Segment Start: MATERIAL FOR THE TASK

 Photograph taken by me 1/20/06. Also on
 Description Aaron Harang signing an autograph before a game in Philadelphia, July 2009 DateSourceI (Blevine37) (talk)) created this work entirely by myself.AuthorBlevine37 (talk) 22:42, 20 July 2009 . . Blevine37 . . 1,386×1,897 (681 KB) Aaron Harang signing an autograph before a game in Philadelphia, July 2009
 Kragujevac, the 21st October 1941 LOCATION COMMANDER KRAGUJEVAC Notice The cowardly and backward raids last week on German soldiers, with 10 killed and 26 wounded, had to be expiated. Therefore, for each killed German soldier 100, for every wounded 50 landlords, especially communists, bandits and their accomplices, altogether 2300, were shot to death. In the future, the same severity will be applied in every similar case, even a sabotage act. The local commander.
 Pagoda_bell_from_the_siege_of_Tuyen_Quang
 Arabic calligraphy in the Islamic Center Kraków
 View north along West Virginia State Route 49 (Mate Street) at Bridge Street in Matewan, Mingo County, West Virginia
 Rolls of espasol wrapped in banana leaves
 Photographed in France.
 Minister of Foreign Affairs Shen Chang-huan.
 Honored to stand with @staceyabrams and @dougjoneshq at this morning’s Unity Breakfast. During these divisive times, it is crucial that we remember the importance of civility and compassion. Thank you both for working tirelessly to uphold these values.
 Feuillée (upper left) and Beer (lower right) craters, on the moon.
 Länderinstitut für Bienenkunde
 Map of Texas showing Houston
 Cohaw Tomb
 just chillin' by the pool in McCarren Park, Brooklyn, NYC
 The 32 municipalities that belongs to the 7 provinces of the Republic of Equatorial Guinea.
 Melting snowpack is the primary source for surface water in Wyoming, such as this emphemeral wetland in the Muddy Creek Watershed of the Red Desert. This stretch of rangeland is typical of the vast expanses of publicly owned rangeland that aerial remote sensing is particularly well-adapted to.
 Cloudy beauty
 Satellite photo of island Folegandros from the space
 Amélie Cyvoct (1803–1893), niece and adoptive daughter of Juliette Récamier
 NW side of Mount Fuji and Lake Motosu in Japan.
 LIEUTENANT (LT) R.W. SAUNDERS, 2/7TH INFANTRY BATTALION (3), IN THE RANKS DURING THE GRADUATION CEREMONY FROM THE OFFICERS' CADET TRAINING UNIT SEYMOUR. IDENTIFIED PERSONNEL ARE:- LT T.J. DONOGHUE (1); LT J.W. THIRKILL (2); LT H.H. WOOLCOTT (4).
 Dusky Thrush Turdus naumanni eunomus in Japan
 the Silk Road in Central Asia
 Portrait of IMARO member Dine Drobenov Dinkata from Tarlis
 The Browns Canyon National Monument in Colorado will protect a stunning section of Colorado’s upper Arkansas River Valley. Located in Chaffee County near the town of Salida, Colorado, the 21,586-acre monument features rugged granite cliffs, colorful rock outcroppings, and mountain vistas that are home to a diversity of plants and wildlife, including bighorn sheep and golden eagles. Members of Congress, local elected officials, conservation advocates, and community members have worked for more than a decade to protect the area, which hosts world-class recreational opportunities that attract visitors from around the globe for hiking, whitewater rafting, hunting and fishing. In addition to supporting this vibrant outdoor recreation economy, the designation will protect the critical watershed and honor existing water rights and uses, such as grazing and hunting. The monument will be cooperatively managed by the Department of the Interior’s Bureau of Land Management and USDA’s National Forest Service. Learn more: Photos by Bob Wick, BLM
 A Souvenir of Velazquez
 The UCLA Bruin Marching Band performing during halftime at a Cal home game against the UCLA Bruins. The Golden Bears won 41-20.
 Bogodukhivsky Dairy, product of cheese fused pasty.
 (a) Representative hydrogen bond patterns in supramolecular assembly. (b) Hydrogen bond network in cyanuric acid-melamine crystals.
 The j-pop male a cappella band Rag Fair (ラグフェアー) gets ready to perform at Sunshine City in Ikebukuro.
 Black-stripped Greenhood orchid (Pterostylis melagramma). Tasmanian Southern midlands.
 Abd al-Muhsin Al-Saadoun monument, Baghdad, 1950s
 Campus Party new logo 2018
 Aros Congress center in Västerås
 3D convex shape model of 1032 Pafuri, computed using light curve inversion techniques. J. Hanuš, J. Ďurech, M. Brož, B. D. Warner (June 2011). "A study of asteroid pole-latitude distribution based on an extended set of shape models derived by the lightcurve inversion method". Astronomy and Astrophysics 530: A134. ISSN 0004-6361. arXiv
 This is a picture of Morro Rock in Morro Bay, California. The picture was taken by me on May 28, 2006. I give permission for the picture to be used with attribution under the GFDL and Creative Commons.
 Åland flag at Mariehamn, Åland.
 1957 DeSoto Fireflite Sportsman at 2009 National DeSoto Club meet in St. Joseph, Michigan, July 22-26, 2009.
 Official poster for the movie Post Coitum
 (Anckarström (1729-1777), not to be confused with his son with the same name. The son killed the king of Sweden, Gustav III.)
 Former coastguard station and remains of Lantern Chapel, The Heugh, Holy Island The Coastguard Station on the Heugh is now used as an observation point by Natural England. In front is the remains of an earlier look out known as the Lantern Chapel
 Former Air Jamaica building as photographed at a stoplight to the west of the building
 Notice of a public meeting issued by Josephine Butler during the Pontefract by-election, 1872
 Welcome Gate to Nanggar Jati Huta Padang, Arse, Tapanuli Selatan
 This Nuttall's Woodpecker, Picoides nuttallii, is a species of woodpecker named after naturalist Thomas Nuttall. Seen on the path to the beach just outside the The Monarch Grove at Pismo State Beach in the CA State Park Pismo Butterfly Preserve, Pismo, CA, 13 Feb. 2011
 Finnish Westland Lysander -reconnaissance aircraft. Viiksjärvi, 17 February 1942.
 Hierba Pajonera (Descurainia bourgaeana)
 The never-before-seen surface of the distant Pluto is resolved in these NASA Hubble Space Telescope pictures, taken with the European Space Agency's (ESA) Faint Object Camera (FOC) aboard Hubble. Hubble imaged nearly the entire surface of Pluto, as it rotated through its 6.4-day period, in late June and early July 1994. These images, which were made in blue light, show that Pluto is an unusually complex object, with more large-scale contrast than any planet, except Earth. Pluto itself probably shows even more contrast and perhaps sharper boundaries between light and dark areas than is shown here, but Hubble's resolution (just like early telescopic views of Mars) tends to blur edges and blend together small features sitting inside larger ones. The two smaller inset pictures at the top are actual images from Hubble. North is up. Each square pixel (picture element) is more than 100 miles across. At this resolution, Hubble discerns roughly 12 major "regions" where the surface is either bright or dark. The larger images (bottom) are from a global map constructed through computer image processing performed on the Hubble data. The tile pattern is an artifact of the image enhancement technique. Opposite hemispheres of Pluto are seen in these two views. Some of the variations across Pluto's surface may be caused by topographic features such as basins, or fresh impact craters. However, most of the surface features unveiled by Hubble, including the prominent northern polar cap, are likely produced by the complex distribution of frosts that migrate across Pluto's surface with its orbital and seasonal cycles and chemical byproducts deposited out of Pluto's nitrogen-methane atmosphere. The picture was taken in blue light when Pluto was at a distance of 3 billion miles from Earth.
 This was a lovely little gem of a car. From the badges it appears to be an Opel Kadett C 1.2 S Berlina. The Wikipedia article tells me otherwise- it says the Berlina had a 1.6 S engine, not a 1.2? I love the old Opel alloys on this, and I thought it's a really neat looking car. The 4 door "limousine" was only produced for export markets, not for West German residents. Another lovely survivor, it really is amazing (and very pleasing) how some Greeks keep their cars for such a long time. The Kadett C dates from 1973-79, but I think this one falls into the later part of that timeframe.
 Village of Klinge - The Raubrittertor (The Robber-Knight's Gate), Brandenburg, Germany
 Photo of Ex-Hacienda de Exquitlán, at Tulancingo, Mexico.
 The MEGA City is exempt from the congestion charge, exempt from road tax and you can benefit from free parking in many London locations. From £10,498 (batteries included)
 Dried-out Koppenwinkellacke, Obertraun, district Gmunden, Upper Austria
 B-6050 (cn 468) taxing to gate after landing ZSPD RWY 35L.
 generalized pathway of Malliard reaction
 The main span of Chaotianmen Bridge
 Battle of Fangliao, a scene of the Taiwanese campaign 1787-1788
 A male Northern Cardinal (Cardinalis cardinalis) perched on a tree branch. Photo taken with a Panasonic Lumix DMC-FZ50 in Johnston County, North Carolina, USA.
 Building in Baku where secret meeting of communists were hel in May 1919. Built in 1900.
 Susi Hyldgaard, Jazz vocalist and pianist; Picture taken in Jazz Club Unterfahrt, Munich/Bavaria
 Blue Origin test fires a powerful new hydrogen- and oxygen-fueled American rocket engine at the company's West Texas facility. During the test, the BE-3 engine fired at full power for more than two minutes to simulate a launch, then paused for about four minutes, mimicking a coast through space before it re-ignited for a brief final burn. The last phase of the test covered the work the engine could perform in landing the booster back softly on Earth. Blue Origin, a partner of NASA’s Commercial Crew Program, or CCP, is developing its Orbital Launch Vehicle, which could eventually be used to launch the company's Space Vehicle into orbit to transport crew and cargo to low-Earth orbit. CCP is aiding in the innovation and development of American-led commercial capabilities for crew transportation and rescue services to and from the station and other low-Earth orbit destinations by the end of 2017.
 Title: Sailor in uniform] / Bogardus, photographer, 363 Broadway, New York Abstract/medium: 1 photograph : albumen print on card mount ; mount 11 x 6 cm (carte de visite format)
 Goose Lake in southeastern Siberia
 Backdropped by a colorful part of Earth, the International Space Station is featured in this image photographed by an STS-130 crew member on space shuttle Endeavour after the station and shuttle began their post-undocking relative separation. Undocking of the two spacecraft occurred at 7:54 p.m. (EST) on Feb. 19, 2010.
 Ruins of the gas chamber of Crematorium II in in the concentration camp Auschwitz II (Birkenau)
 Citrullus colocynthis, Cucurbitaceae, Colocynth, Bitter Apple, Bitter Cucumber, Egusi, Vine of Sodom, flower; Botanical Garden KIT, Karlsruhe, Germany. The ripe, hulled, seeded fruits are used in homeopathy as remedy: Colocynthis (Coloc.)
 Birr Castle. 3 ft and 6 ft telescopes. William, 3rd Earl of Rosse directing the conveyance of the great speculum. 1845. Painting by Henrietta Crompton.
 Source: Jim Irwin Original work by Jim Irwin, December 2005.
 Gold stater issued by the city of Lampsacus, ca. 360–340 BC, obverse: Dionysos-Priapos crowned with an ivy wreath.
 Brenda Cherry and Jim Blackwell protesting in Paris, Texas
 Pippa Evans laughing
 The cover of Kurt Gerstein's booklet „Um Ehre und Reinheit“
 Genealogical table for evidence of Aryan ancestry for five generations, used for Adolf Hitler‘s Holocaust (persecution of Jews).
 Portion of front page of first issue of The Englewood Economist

Segment End: MATERIAL FOR THE TASK

## AIM OF THE EXERCISE
Copy out every line of the records that the string "game" appears in.

## TASK RESULT
 Description Aaron Harang signing an autograph before a game in Philadelphia, July 2009 DateSourceI (Blevine37) (talk)) created this work entirely by myself.AuthorBlevine37 (talk) 22:42, 20 July 2009 . . Blevine37 . . 1,386×1,897 (681 KB) Aaron Harang signing an autograph before a game in Philadelphia, July 2009
 The UCLA Bruin Marching Band performing during halftime at a Cal home game against the UCLA Bruins. The Golden Bears won 41-20.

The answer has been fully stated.